Fundamentally, how can we counter such A.I. usage in our educational system and get students truly thinking again? If the plan is simply stronger A.I. detection software, it will only lead to an endless arms race between teachers and students with apps to detect and evade detection. 

One thing we should not do is to try to pretend that the technology doesn’t exist, or that it doesn’t have any valid learning use.

LLMs certainly can help educators direct their time to the most important parts of planning and giving feedback. “A.I. helps me focus on teaching critical thinking instead of spending hours on worksheets,” explained Mr. Julio Hernandez, a Spanish teacher. 

The tech can obviously be a positive for students as well. “We need to teach what appropriate A.I. use looks like: things like brainstorming, getting feedback, or checking understanding,” Ms. Gillespie said. “But we also need to set really clear expectations for when A.I. use isn't appropriate.”

One solution to the cheating issue is more in-class work and verbal assessments. Towrat Uddin ‘27 said, “A.I. should be used as a helping tool rather than something students use to cheat. The best way to prevent this is by requiring students to write down their thought process, especially for math classes and homework, and have students summarize what they did in class, since A.I. cannot replicate that.”

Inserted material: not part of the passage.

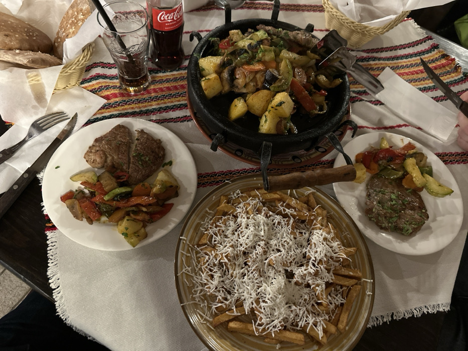 This image depicts a dinner table scene in a restaurant in Bansko, Bulgaria

In addition, teachers can move back to handwritten assignments, which are making a comeback in college classrooms. A study by National Geographic found that writing with your hands engages motor skills, visual processing, and sensory feedback all at once. This multi-sensory involvement helps the brain encode and later recall information, greatly helping in overall performance in school, as well as in life. A September experiment the Argus ran with 57 Midwood students found handwriting led to a 20% improvement on memory retention over careful listening, even over the span of just two minutes.

The struggle with A.I. will likely become the defining challenge educators face this decade. As tech and time marches on, will humanity stay committed to individual learning, or give up her thirst for knowledge for the sake of comfort?